What this task involves: Pictures are to be skipped. Retype exactly the lines from the top of the material through the one with "AE Lived-In Slim", and only those.

Data segment:

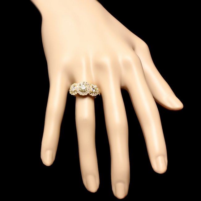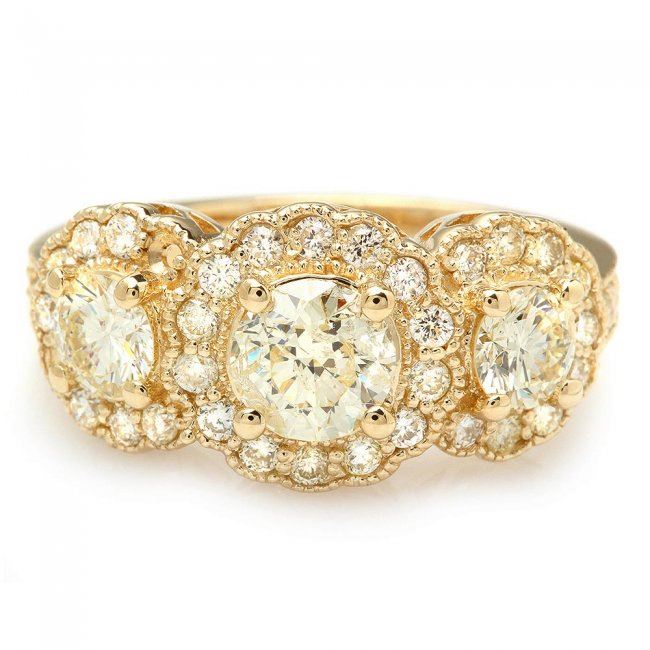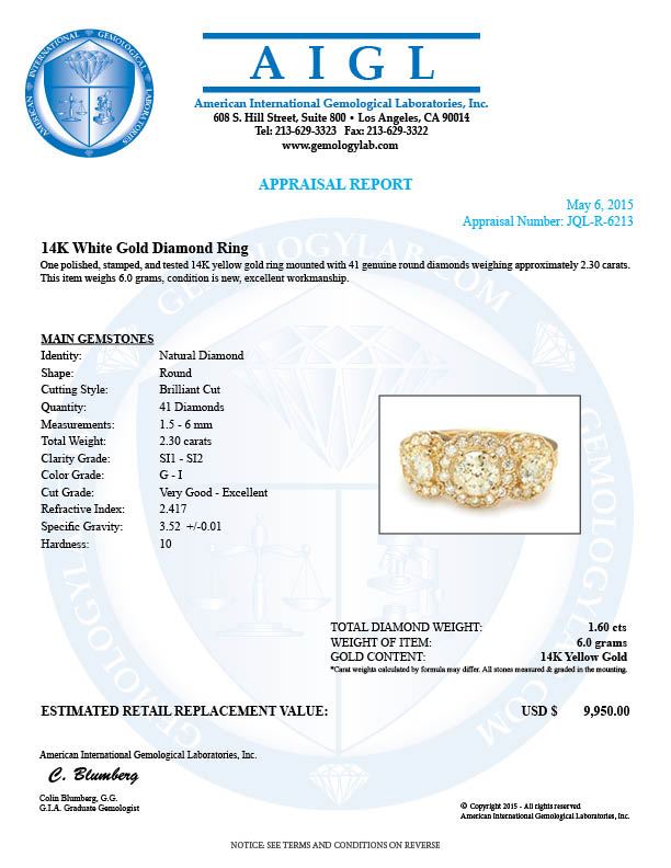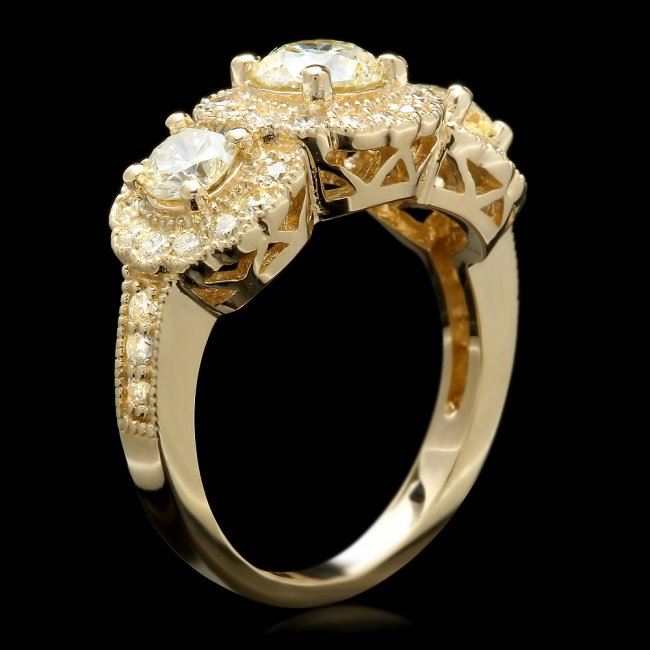 Retail: $9,850.00 ****** 14k Yellow Gold 2.3ct Diamond Ring ****** Metal: 14k Solid Yellow Gold / Size: 7 / Total Item Weight: 6.0 grams / Country Made: United States / / Main Stone: Diamond / Color: White / Carat Total Weight: 1.60 / Treatment: None / Color Grade: H - I / Clarity: SI2 - I1 / Cut: Very Good / / Secondary Stone: Diamond / Carat Total Weight: 0.70 / Treatment: None / Color Grade: G - H / Clarity: SI1 - SI2 / Cut: Very Good /
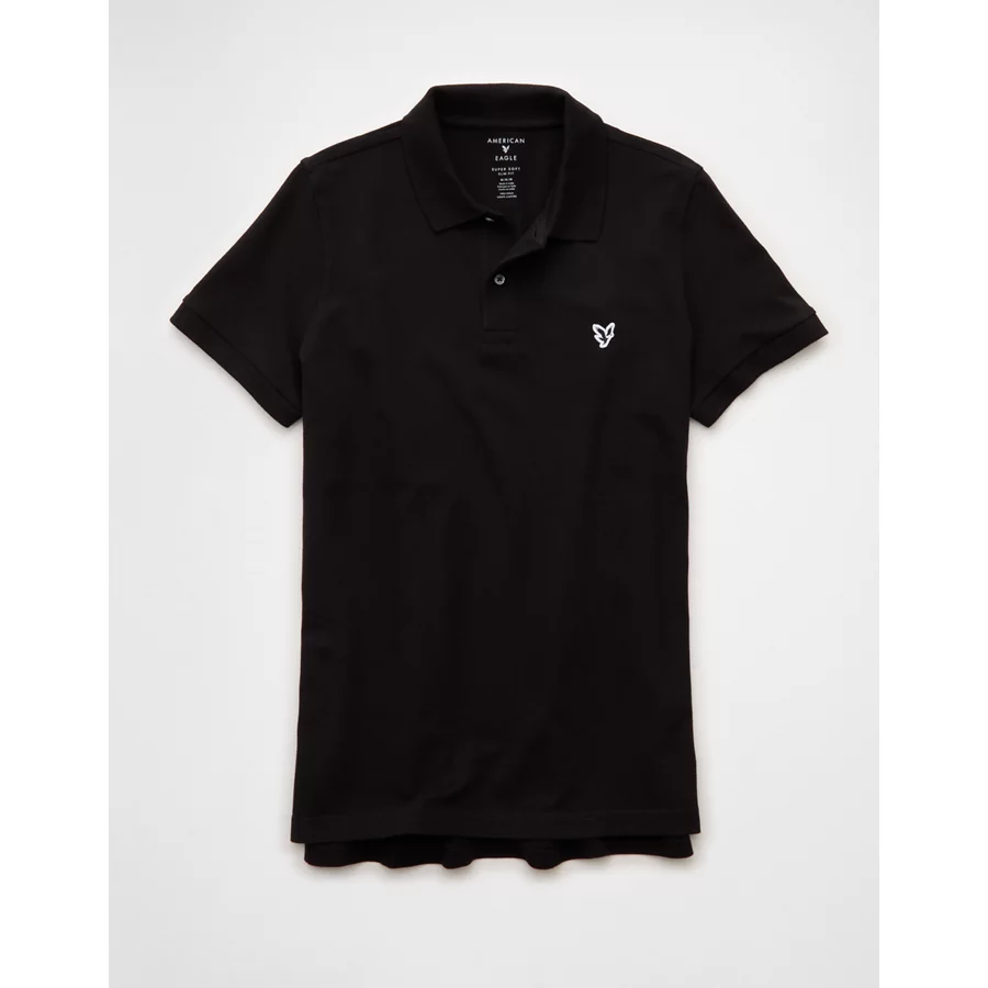 AE Lived-In Slim Fit Pique Polo Shirt – Black
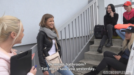 Девушка со своим оператором проводит опрос среди молодежи, выясняя в ходе своей работы, насколько деньги могут развратить человека, заставив нарушить какие-либо моральные ценности. Подойдя к группе курящих девиц за школой, обаятельная "ведущая" начала задавать девушкам вопросы, начиная вполне с невинных. Дальше вопросы стали откровеннее, а потом и вовсе была предложена сумма денег в обмен на показ груди. Постепенно увеличивающаяся сумма (с трех до семи тысяч) подвергала девушек испытанию. Все девчонки отказались, за исключением одной - двадцатилетняя Натали согласилась. Уединившись с новыми знакомыми в подъезде, шлюшка показала сиськи, а после за гораздо большую сумму согласилась поебаться прямо неподалеку от квартиры, в которой живет. Поскольку девушка робела, что делать показала опытная "ведущая". Когда же Натали уже осмелела, проводившая опрос девушка встала "на стреме", оберегая секс "оператора" с прелестной шалашовкой.

Solution to this exercise:
 Retail: $9,850.00 ****** 14k Yellow Gold 2.3ct Diamond Ring ****** Metal: 14k Solid Yellow Gold / Size: 7 / Total Item Weight: 6.0 grams / Country Made: United States / / Main Stone: Diamond / Color: White / Carat Total Weight: 1.60 / Treatment: None / Color Grade: H - I / Clarity: SI2 - I1 / Cut: Very Good / / Secondary Stone: Diamond / Carat Total Weight: 0.70 / Treatment: None / Color Grade: G - H / Clarity: SI1 - SI2 / Cut: Very Good /
 AE Lived-In Slim Fit Pique Polo Shirt – Black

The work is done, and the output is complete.